● Required action
Only the stretch of the listing below that runs from the line with "看着半挂式卡车缓缓地张开翅膀,有一种看见现实版哈尔移动城堡的错愕感。" through the line with "Leírás: Cieszyn, Teschen;" is to be printed, exactly and with both ends.

● Material provided

-----

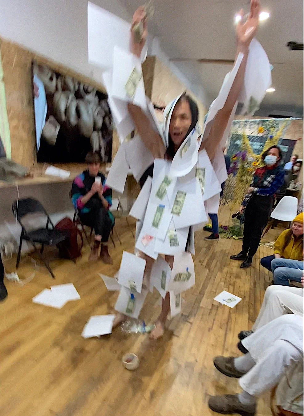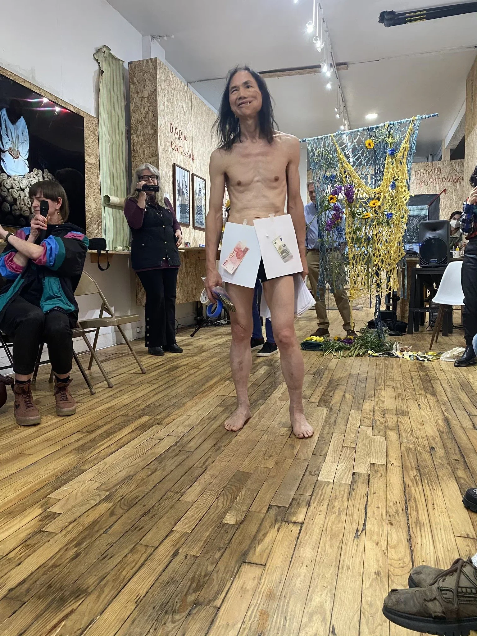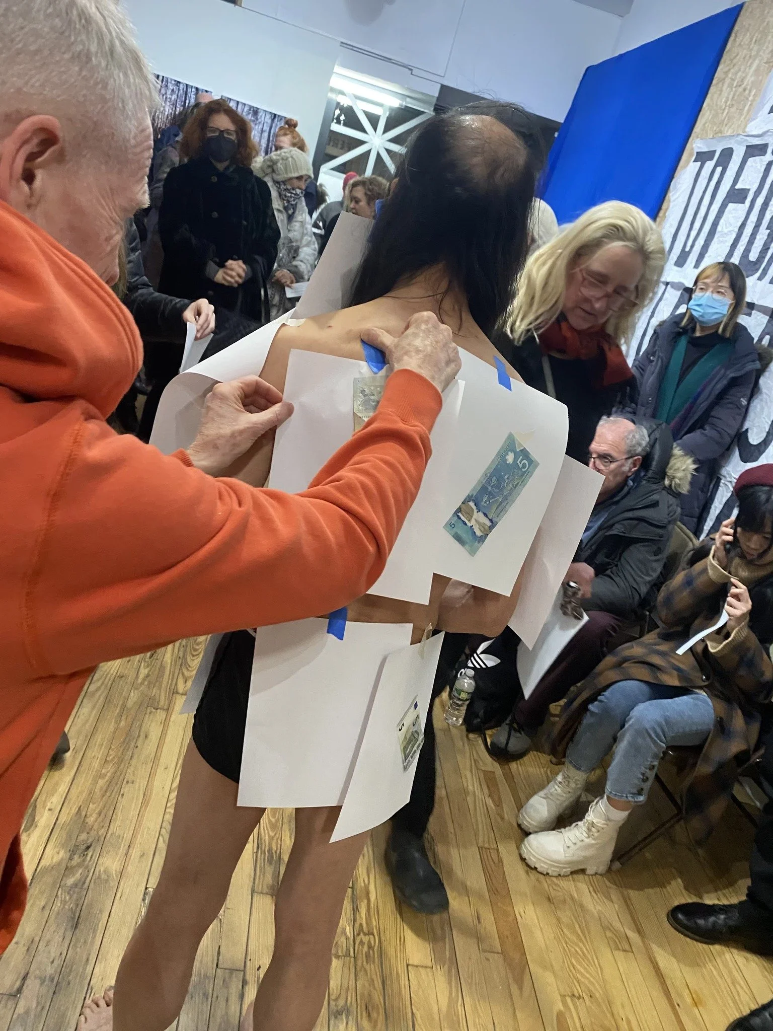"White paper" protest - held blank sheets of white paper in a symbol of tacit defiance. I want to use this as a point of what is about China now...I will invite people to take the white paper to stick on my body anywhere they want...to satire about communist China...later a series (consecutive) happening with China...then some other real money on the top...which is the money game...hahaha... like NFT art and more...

-----

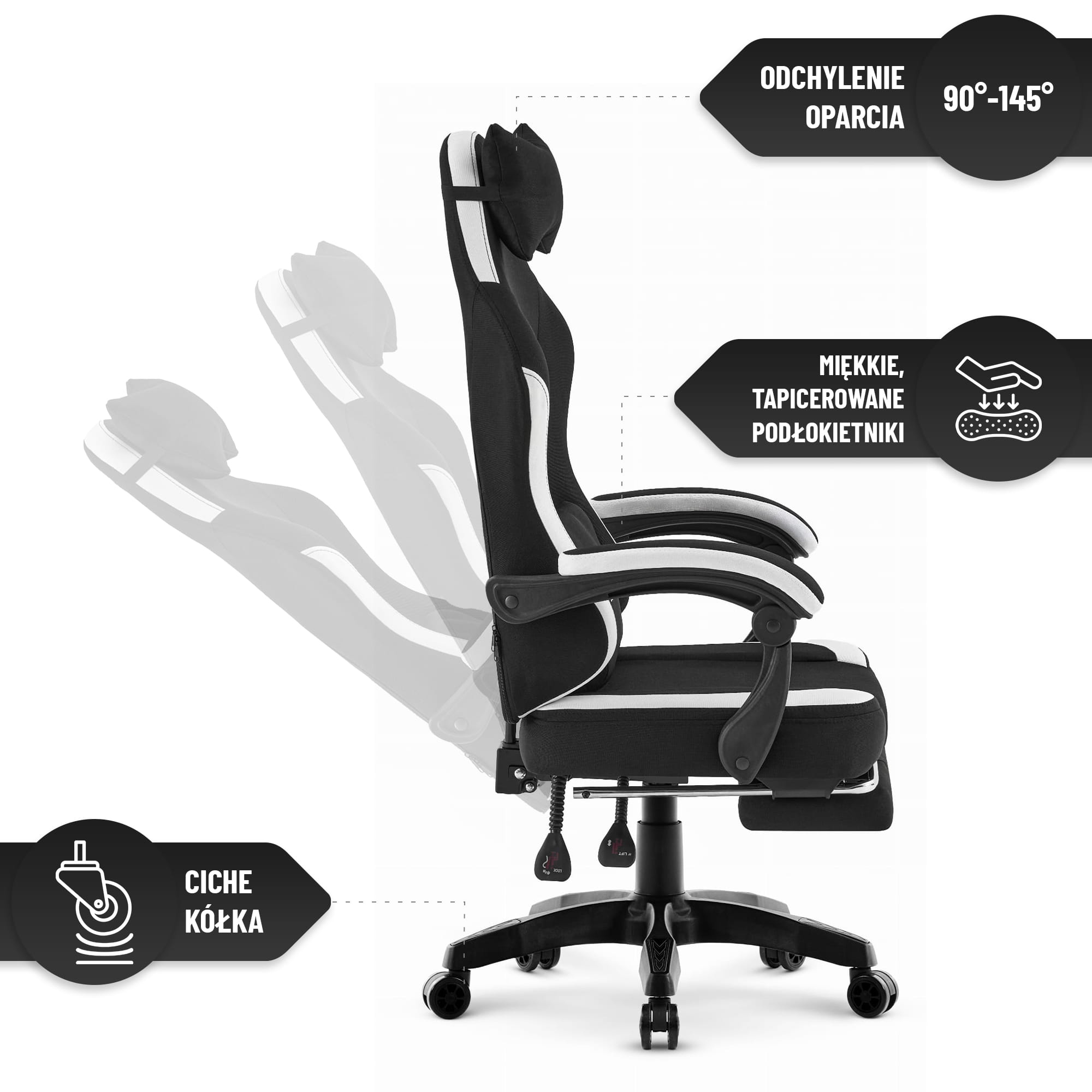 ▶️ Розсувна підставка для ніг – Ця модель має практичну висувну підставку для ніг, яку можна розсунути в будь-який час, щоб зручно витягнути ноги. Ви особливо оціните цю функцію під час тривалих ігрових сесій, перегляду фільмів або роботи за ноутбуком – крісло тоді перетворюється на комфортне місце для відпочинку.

-----

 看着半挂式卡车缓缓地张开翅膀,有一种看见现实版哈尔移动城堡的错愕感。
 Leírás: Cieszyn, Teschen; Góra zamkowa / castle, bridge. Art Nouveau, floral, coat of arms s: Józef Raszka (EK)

-----

● Output of the task
 看着半挂式卡车缓缓地张开翅膀,有一种看见现实版哈尔移动城堡的错愕感。
 Leírás: Cieszyn, Teschen; Góra zamkowa / castle, bridge. Art Nouveau, floral, coat of arms s: Józef Raszka (EK)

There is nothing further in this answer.